Relishing in their victory at La Bahía, the Republican Army of the North, now under the tutelage of Col. Samuel Kemper, followed in pursuit of Governor Manuel Salcedo and his Royalist army as the retreated north to San Antonio.
On the 29th of March 1813, Col. Kemper and the entire Republican army arrived on the outskirts of San Antonio. As they were marching along Salado Creek, their scouts detected a Royalist ambush in waiting. The result was a short but furious battle in which the Republicans defeated Gov. Salcedo’s troops once again.
The spoils of victory included the capture of more than 1,200 Royalist troops, six cannons, weapons, powder, ammunition, and upwards of 1,000 horses and mules.
A number of Kemper’s men displayed tremendous bravery in battle - most notably, an American, Lt. Col. Ross, who engaged in a gritty and bloody act of hand to hand fighting with the use of his sabre. It should also be noted that Bernardo Gutiérrez de Lara, the de facto leader and organizer from the beginning, surrounded himself with several guards and observed from a post in the rear. If nothing else, he was at least consistent.
More important than material spoils of war, however, was what happened next. The following day, Col. Kemper approached Gov. Salcedo to negotiate terms of surrender. Naturally, Salcedo had a long list of terms he wanted met before he would consider surrendering. But after much talk and no progress, Salcedo eventually accepted the terms of an unconditional surrender for the sake of the city and its inhabitants.
Upon surrender, Gov. Salcedo, along with his officers, was taken prisoner and given assurances by Kemper and the Americans that their lives would be spared and that they would be paroled to Matagorda in order to board a vessel home. Bernardo Gutiérrez de Lara, however, had other ideas. Gutiérrez helped persuade the Americans to send the prisoners to La Bahía, where they could be more safely guarded while awaiting passage on a ship. Having been assured by Gutiérrez and others, Kemper and the Americans agreed.
On April 3, 1813, Gov.
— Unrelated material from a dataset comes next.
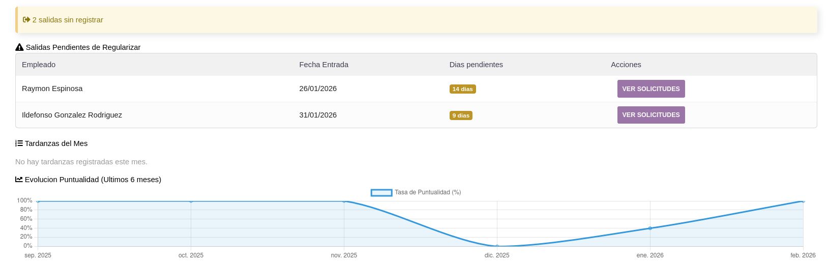 - El dashboard muestra salidas pendientes de regularizar, tardanzas del mes y evoluci贸n de puntualidad de los 煤ltimos 6 meses

Salcedo and 12 Royalist officers were marched out of San Antonio en route to La Bahía. In charge were Antonio Delgado, Pedro Prado and Francisco Ruiz, all former members of the Royalist forces. Just a few miles out of town, the prisoners were halted. They were dismounted, denuded, and their possessions stolen. Their guards executed them one by one, cutting their throats, and in some instances beheading them.
Gov. Salcedo suffered the most. Before being killed, he endured the agony of having his tongue cut out of his mouth. None of the prisoners were allowed last words or the opportunity for last rites. Their bloodied and headless corpses were left unburied and abandoned to rot.
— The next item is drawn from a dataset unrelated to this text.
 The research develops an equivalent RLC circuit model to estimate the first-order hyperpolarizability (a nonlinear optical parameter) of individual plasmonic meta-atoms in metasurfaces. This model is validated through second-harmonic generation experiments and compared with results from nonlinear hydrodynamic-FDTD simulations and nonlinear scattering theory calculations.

When the executioners returned with word of their deed, many of the Republicans were pleased and ecstatic. For most of the Americans, however, this was repulsive and they reacted by returning to the site and burying the slain Spaniards. Unable to accept what had happened, Col. Kemper, along with a number of other Americans, decided to take leave and returned home.
For the remaining Republicans, the day seemed a fine one. It was a day of victory and celebration. The capital belonged to the Republicans and Texas would forever be free of the control of the mighty Spanish empire. However, this elation would soon pass.